Running Google’s Gemma 4 Locally with llama-server

Google’s Gemma 4 represents a significant leap forward in open-source AI models. Released in April 2026 under the permissive Apache 2.0 license, this family of models brings frontier-level reasoning capabilities directly to your local machine (yahoo.com). Built on the same foundational research as Gemini 3, Gemma 4 is specifically designed to run efficiently on consumer hardware, from mobile devices to high-end workstations .

This guide walks you through setting up Gemma 4 on your Mac and Windows using llama-server, providing an OpenAI-compatible API for seamless integration with existing tools and applications.

Understanding the Model Variants

If you are new to AI models and want to understand how parameter sizes relate to hardware requirements, refer to my previous article.

https://wisecodes.venuthomas.in/2025/08/24/ai-model-basics-understanding-size-hardware-and-setup/

It covers the fundamentals of model quantization, memory calculations and why bigger models do not always mean better results on consumer hardware.

Gemma 4 comes in four distinct configurations, each optimized for different hardware constraints : (yahoo.com)

Model	Parameters	Best For	Memory Requirements
E2B	~2B effective	Mobile / Edge devices	~4–6 GB
E4B	~4B effective	Laptops with 16GB RAM	~9.6 GB
26B A4B	26B total (4B active MoE)	Developer workstations (24GB+)	~17–20 GB
31B	31B dense	High-end GPUs (80GB H100)	~62+ GB

The 26B and 31B models rank 3rd and 6th respectively on the Arena AI text leaderboard, demonstrating performance that rivals models 20 times their size . For context windows, the smaller models support up to 128K tokens, while the 26B and 31B variants extend to an impressive 256K tokens, enabling analysis of entire codebases or lengthy documents in a single session . (unsloth.ai)

Prerequisites

Before proceeding, ensure your system meets the following requirements:

macOS with Apple Silicon (M1/M2/M3/M4/M5 series) or Windows 10/11 with CUDA-capable GPU or CPU-only mode
Homebrew (macOS) or vcpkg/Visual Studio (Windows) for dependency management
24GB RAM minimum for the 26B model (32GB recommended)
Sufficient storage (~15-20GB for quantized models)
Network access to Hugging Face for model downloads

Installation

macOS: Install llama.cpp via Homebrew

The llama-server binary is distributed as part of the llama.cpp package. Install it via Homebrew:

brew install llama.cpp

This provides the llama-server command along with other utilities like llama-cli for interactive use.
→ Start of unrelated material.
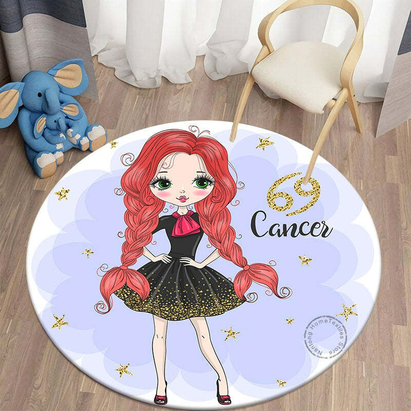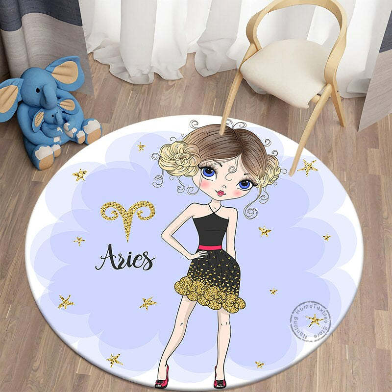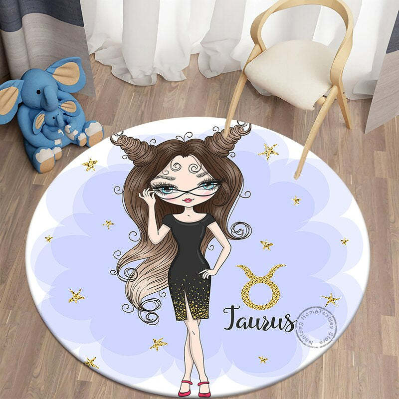 Home Decor Cartoon Girl Printed Round Mat has a cartoonist approach to represent the name of your zodiac sign. It has a print of your zodiac sign name with a cartoon girl. It is highly durable and very soft since it is made of the finest materials. The high-density super soft fabrics offer good ventilation.

Windows: Install llama.cpp

For Windows systems, you have multiple installation options:

Option 1: Pre-built Binaries

Download the latest Windows release from the llama.cpp GitHub releases page. Extract the archive and add the folder to your system PATH.
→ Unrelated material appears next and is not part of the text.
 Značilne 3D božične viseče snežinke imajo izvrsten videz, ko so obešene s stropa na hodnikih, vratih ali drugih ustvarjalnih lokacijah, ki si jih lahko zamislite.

Option 2: Build from Source with CUDA (Recommended for NVIDIA GPUs)

# Clone the repository
git clone https://github.com/ggml-org/llama.cpp.git
cd llama.cpp
# Build with CUDA support using CMake
cmake -B build -DGGML_CUDA=ON
cmake --build build --config Release
# The llama-server.exe will be in build/bin/Release/

Option 3: Build CPU-Only Version

cmake -B build
cmake --build build --config Release

For optimal performance on Windows with NVIDIA GPUs, ensure you have CUDA 12.0 or higher installed. AMD GPU support is available through ROCm, and Intel GPUs are supported via SYCL.
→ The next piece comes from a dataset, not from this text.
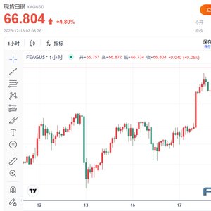 现货白银周三一度触及 66.872美元/盎司的历史高位,盘中涨幅扩大至逾4.%。纽约期银日内暴涨6.00%,现报67.13美元/盎司。

Downloading and Serving the Model

The ggml-org organization on Hugging Face maintains official GGUF conversions of Gemma 4 models . These are optimized for llama.cpp and support various quantization levels.

macOS Command

For a Mac with 24GB RAM, the recommended starting point is the 26B A4B model with Q4_K_M quantization:

llama-server -hf ggml-org/gemma-4-26b-a4b-it-GGUF:Q4_K_M

Windows Command

For Windows with 24GB VRAM (RTX 3090/4090):

.\llama-server.exe -hf ggml-org/gemma-4-26b-a4b-it-GGUF:Q4_K_M -ngl 99

For Windows CPU-only or limited VRAM, reduce GPU layers or run entirely on CPU:

# CPU-only mode
.\llama-server.exe -hf ggml-org/gemma-4-26b-a4b-it-GGUF:Q4_K_M -ngl 0
# Partial GPU offload (adjust based on your VRAM)
.\llama-server.exe -hf ggml-org/gemma-4-26b-a4b-it-GGUF:Q4_K_M -ngl 40

This single command handles both model download and server startup. The -hf flag instructs llama-server to fetch the model directly from Hugging Face if not already cached locally .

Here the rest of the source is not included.